Its a known element of human behavior that familiarity with something means one will like it more – make people listen to a set of music snippets, and the ones that they hear more they will rank better. So perhaps I like Eclipse just because I’ve been using it forever (or it contains at least small snippets of my code), and know all the keyboard shortcuts to be more productive. I’ve just commented on my dislike for IDEA Intellij, so I was psyched that the J2EE project I’m working on now does all the J2EE stuff in an ANT Script, leaving me able to use Eclipse as my IDE of choice.*
My top reasons I like eclipse this week (esp after recently using intellij):
- Fast UI – it ain’t swing – when I go back to work there it doesn’t pause while it redraws.
- Pretty intelligent workflow – smart enough as of the 3.0 Jobs framework to allow me to background long running tasks and get my work done. Continuous compilation. (as opposed to environments without that)

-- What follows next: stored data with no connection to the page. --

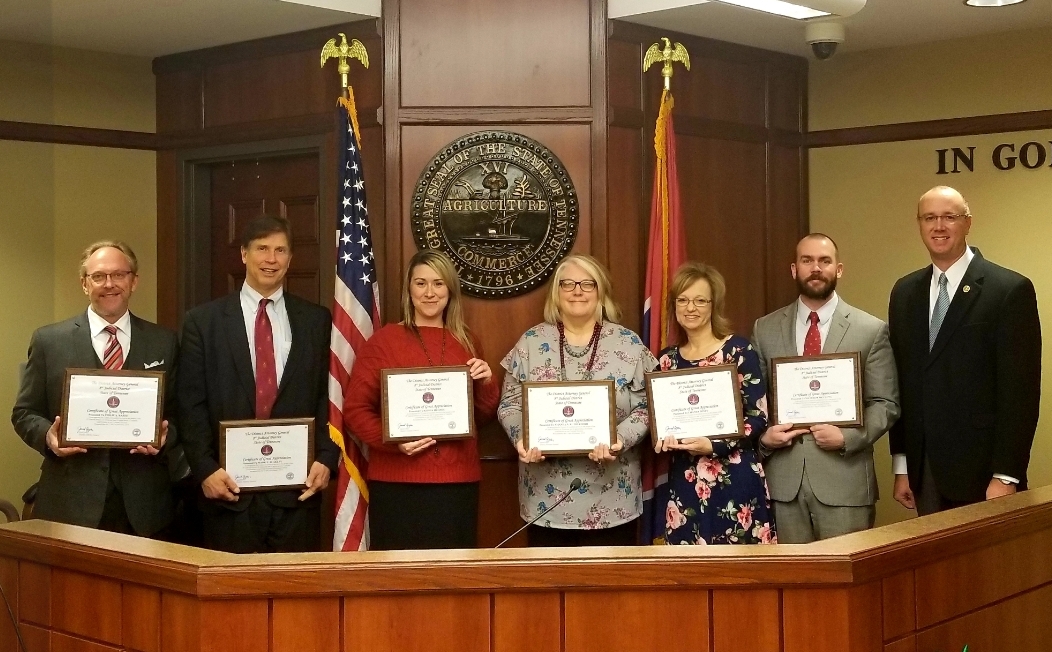TOP PHOTO L-R:Â Assistant District Attorney General Philip Kazee, 5 years of service; Assistant District Attorney General Mark Blakley, 5 years of service; Coordinator Keisha Hughes, 15 years of service; DUI Coordinator Amanda Rutherford, 5 years of service; Child Support Specialist Chanda Posey, 10 years of service; and Assistant District Attorney General Matthew McClung, 5 years of service.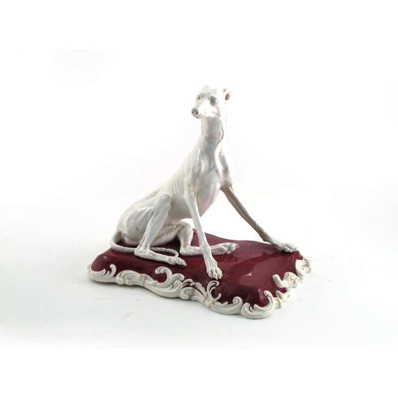 A massive and rare English porcelain model of an Italian greyhound 1st half 19th century, perhaps Rockingham, finely modelled and seated with head turned, raised on a claret cushion with white scrolling edges, damages, 40cm across.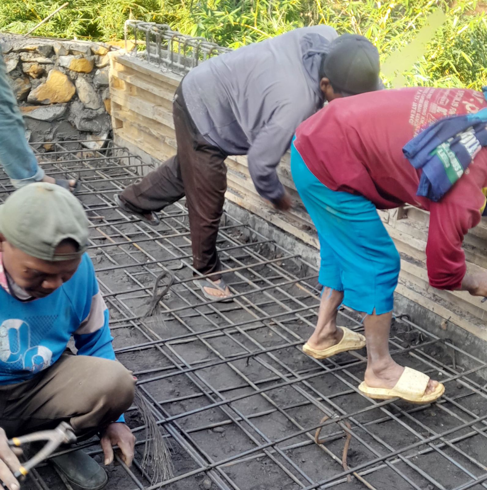 Pekerjaan konstruksi saat ini masih berlangsung, Minggu (03/08), dengan Satgas TMMD dan warga bahu-membahu merangkai pipa besi cor untuk bagian sayap jembatan. Kegiatan ini menjadi potret semangat gotong royong dan kemanunggalan TNI dengan rakyat dalam membangun infrastruktur desa.

- The ecosystem – this week I had to start working with a bunch of LoadRunner “scripts” which are actually C-code – and loadrunner comes with the worst editor ever. To the rescue, the Eclipse CDT – let me edit the code with an outline view and functionality almost as good as the Java mode
- Eclipse also has performance tools which I’m hoping to try out this week once my loadrunner scripts are done
Well that’s all I got
* I was a little disappointed with the state of the Eclipse Webtools project last time I tried it – I guess after using WSAD and its successor Rational App Developer I expected at least a form-based web.xml editor – wonder why IBM didn’t just donate an older version of its editor?